# gem-index-filter
Fast filtering for RubyGems `versions` index files. Designed for memory-constrained environments like Fastly Compute edge workers.
## Features
- **Streaming parser**: Handles 20+ MB files with minimal memory footprint
- **Flexible filtering**: Allow mode, block mode, or passthrough (no filtering)
- **Combined filters**: Use `--allow` and `--block` together (allowlist - blocklist)
- **Version stripping**: Optionally replace version lists with `0` to reduce size
- **Order preservation**: Maintains exact original order from the input file
## Usage
### Command Line
```bash
gem-index-filter [OPTIONS] <versions-file> [output-file]
Options:
--allow <file> Filter to only gems in allowlist file (one name per line)
--block <file> Filter out gems in blocklist file (one name per line)
--strip-versions Replace version lists with '0' in output
```
**Examples:**
```bash
# Pass through all gems (no filtering)
gem-index-filter versions
# Filter to only gems in allowlist
gem-index-filter --allow allowlist.txt versions filtered.txt
# Block specific gems
gem-index-filter --block blocklist.txt versions filtered.txt
# Allow mode with blocked gems removed (allowlist - blocklist)
gem-index-filter --allow allow.txt --block block.txt versions filtered.txt
# Strip version information (replace with '0')
gem-index-filter --strip-versions versions filtered.txt
# Stream from stdin
**Filter file format** (one gem name per line, `#` for comments):
```text
rails
sinatra
activerecord
puma
```
### Library
```rust
use gem_index_filter::{filter_versions_streaming, FilterMode};
use std::collections::HashSet;
use std::fs::File;
let input = File::open("versions")?;
let mut output = File::create("versions.filtered")?;
// Create allowlist
let mut allowlist = HashSet::new();
allowlist.insert("rails");
allowlist.insert("sinatra");
// Stream and filter
filter_versions_streaming(input, &mut output, FilterMode::Allow(&allowlist), false)?;
```
**Other modes:**
```rust
// Block mode - exclude specific gems
let mut blocklist = HashSet::new();
blocklist.insert("big-gem");
filter_versions_streaming(input, &mut output, FilterMode::Block(&blocklist), false)?;
// Passthrough mode - no filtering
filter_versions_streaming(input, &mut output, FilterMode::Passthrough, false)?;
// Strip versions while filtering
filter_versions_streaming(input, &mut output, FilterMode::Allow(&allowlist), true)?;
```
## Versions File Format
The format uses one line per rubygem, with additional lines appended for updates:
```text
created_at: 2024-04-01T00:00:05Z
---
gemname [-]version[,version]* MD5
```
- **gemname**: The name of the rubygem
- **versions**: Comma-separated list of versions (may include platform)

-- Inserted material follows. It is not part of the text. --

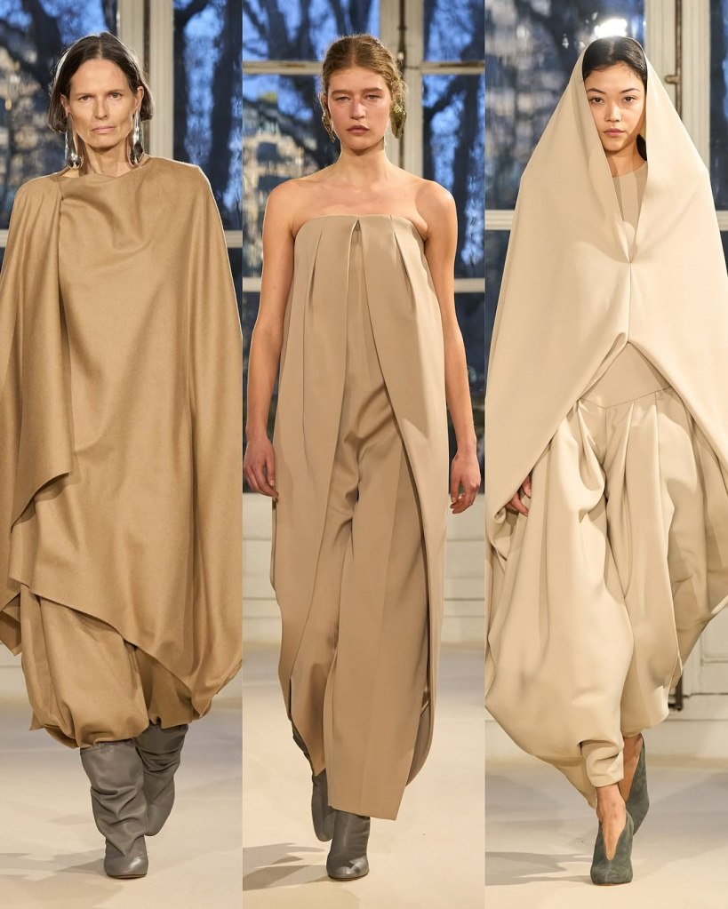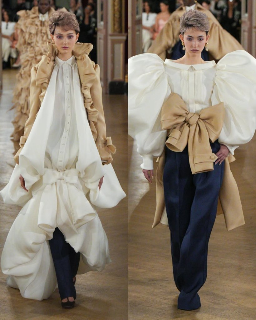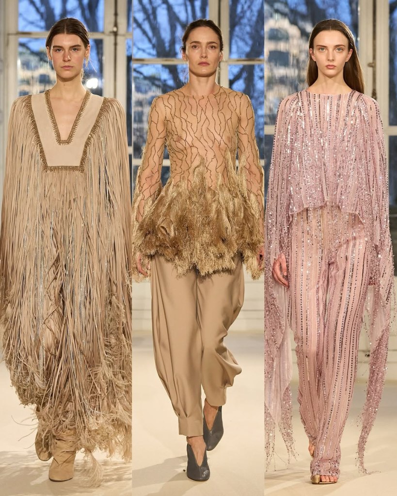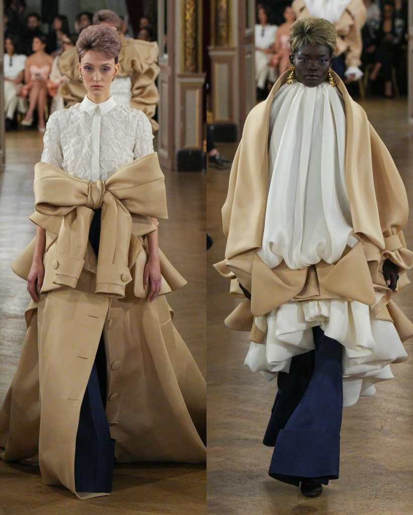The opening look—a sand-colored draped cape over trousers tucked into boots—perfectly captured his new vision: timeless elegance with a modern edge. Blazers, pant suits, and impeccably cut silhouettes dominated the collection, reinforcing the idea that couture is as much about personal experience as it is about spectacle. But Vauthier still delivered statement moments.

- **-**: Minus prefix indicates yanked version
- **MD5**: Hash of the gem's "info" file
When a gem appears multiple times, the last occurrence has the authoritative MD5.
## How It Works
1. **Parse**: Stream input line-by-line using BufReader
2. **Filter**: Based on mode, check gem name against filter list:
- **Passthrough**: Include all gems (no filtering)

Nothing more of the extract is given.